Quando e come hai conosciuto Incalmi?
Stavamo lavorando per dei ristoranti di fascia alta e volevamo progettare l'illuminazione su misura. In quel periodo mia madre andava a Venezia ogni anno, e l’ho accompagnata. Ho visitato Murano e visto tutti quei bei lampadari, e quando sono tornato ho fissato alcuni incontri con diverse aziende, diverse fornaci, per vedere se potevo realizzare alcuni design personalizzati. Devo aver parlato con forse dieci o quindici produttori, ma la loro idea di custom era ”si può fare questo colore o quello. Si può fare argento o oro”. L'ultima persona che ho incontrato è stata Patrizia, non c'era ancora Incalmi. Ha detto "faremo quello che vuoi". Fine. Avevamo un progetto in corso, con dei tempi di consegna molto stretti, ma loro hanno rispettato la scadenza e i lampadari erano perfetti. Sono ancora nel bar della casa d’aste Sotheby a New York. Col passare del tempo, abbiamo iniziato a lavorare con Incalmi sempre di più.
Qual è il contributo di Incalmi ai vostri progetti?

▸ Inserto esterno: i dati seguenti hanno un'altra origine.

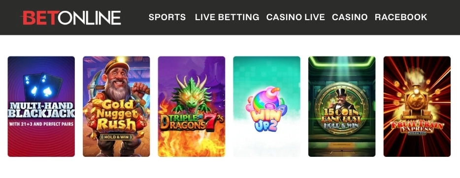 Offers a plethora of online casino games, including slot games, table games with different variants of blackjack, poker, roulette, and baccarat, live games, and sports betting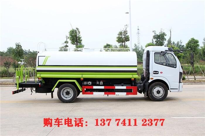 洒水车前冲(喷)后洒,带侧喷,罐体后带工作平台,平台上安装绿化洒水炮,洒水炮可旋转,可连续调成直冲状、大雨、小雨、毛毛雨,带安全护栏,配备全国质量评比名的杭州威龙大功率专用洒水泵,泵可自吸自排,安装过滤网,带消防接口,可通过消防栓进水,带自流阀,随车选装20米绿化卷盘,可喷洒农药,罐体金属漆。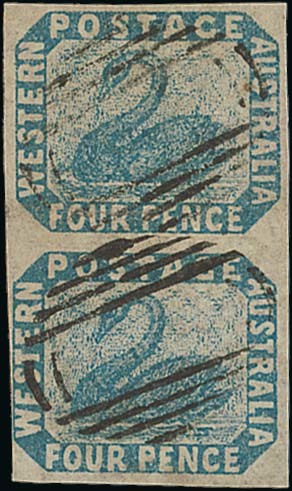 1854-55 imperf 4d. blue vertical pair with mainly good margins, the lower stamp touched at left, clearly cancelled by void obliterator, fine. S.G. 3a, £500. Photo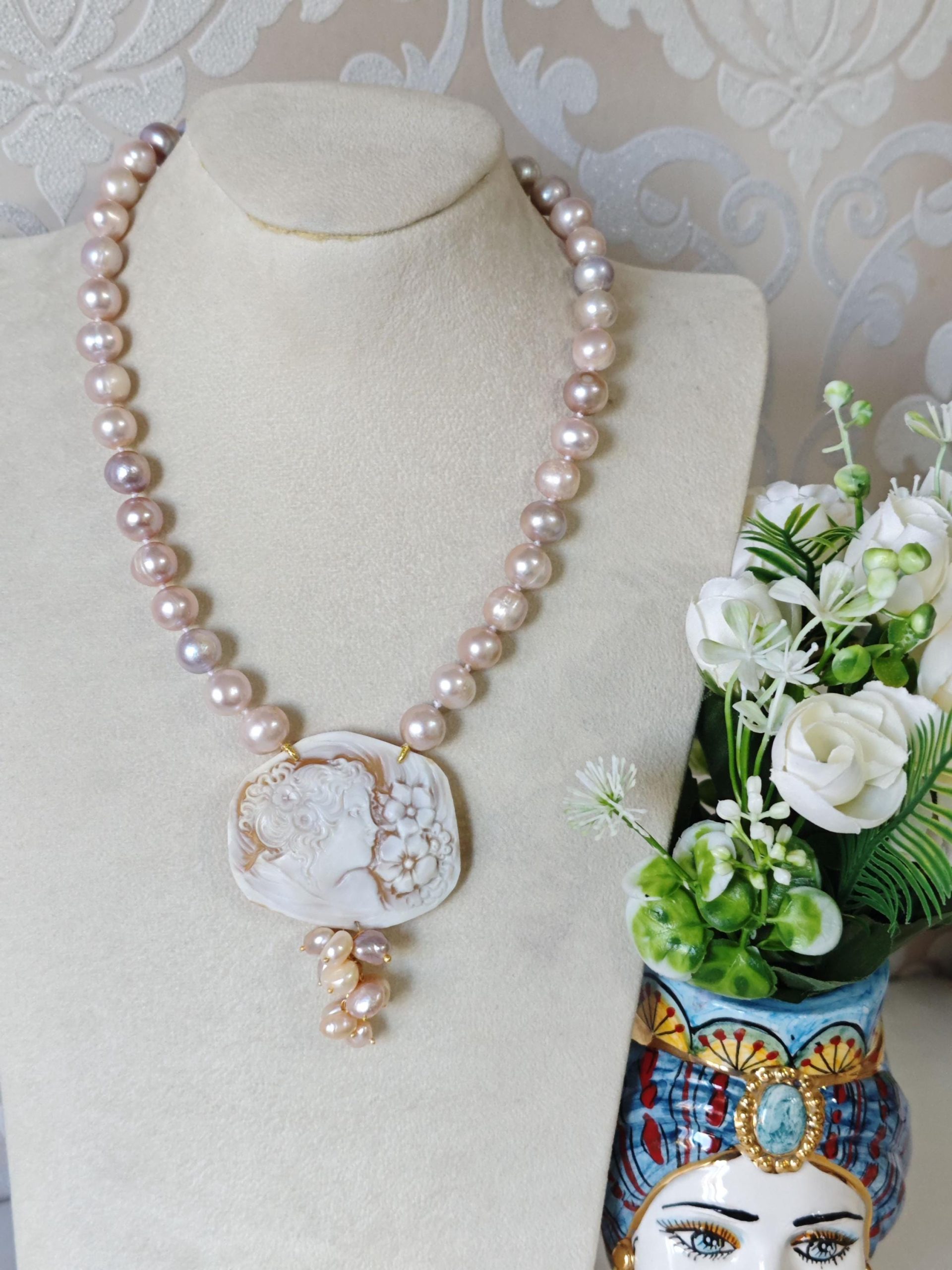Collana cammeo conchiglia sardonica con fiori ceramica di Caltagirone e perle bianche barocche , gioielli italiani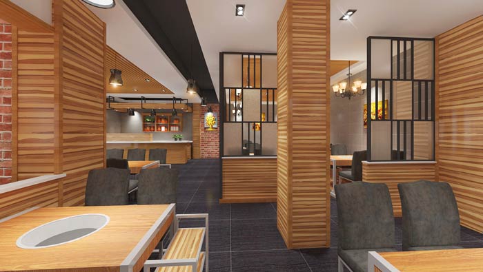 本次魚火鍋店裝修設計方案講解到此結束,設計師在本次火鍋店設計中,空間地面采用黑色仿古磚,墻面采用三種色彩的材質與小紅磚,讓客戶仿佛在記憶中中老房子里就餐。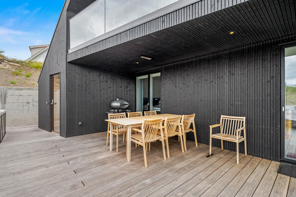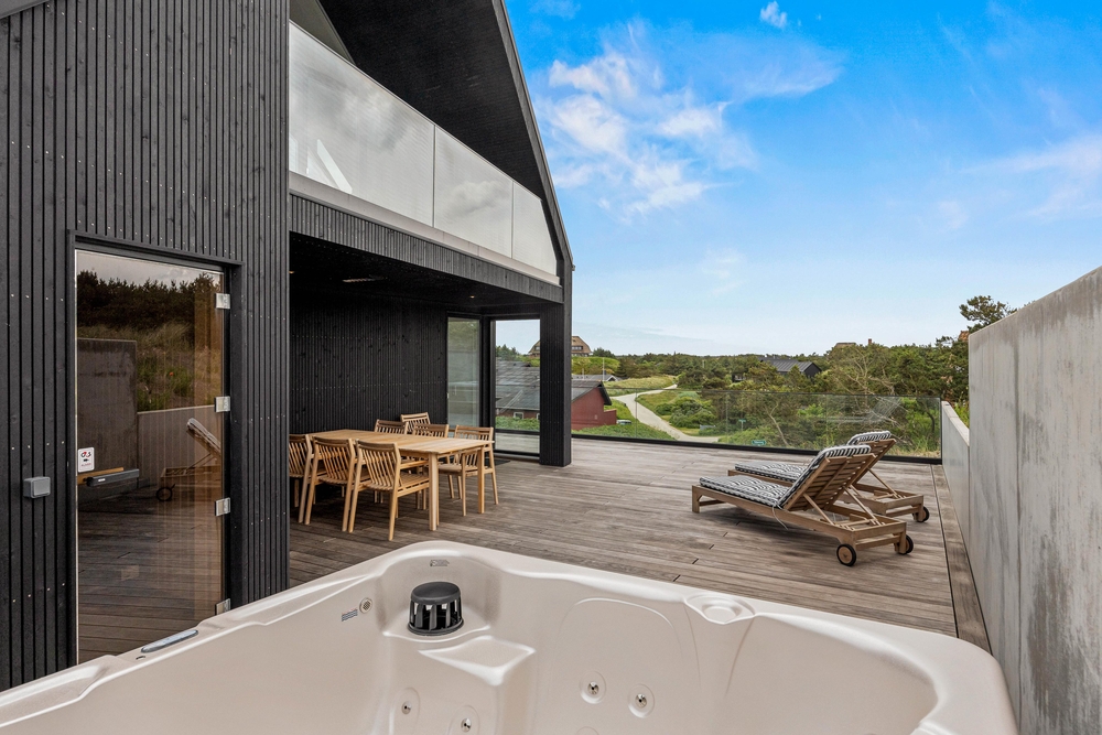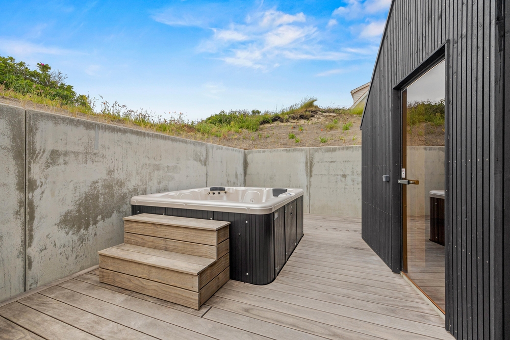 Dette enestående sommerhus er omgivet af en skøn naturgrund og klitgrund, hvor I kan vågne op til beroligende lyde fra naturen. Ydermere kan I nyde den rene luft og det smukke landskab fra udespaen og udebruseren. Skulle I have brug for mere varme, kan I tænde for sommerhusets rummelige sauna, som befinder sig i direkte nærhed af spaen og udebruseren ? det skønneste wellnessområde.

Incalmi sperimenta e questo è fantastico per un designer, perché una delle cose più difficili è sentire ”no” tutto il tempo, ”no, non puoi farlo”. Incalmi invece dice sempre: ”Non lo so, proviamo”. E questa è musica per le mie orecchie. Finora abbiamo lavorato con legno, rattan, vetro, metallo, pietra, smalto, tessuto. Devo dire che è un grande contributo perché noi non produciamo nulla, noi progettiamo, e quindi quando progettiamo qualcosa abbiamo poi bisogno di qualcuno che poi lo fa. E avere un'azienda con cui collaborare che dice sempre "proviamo" è molto importante.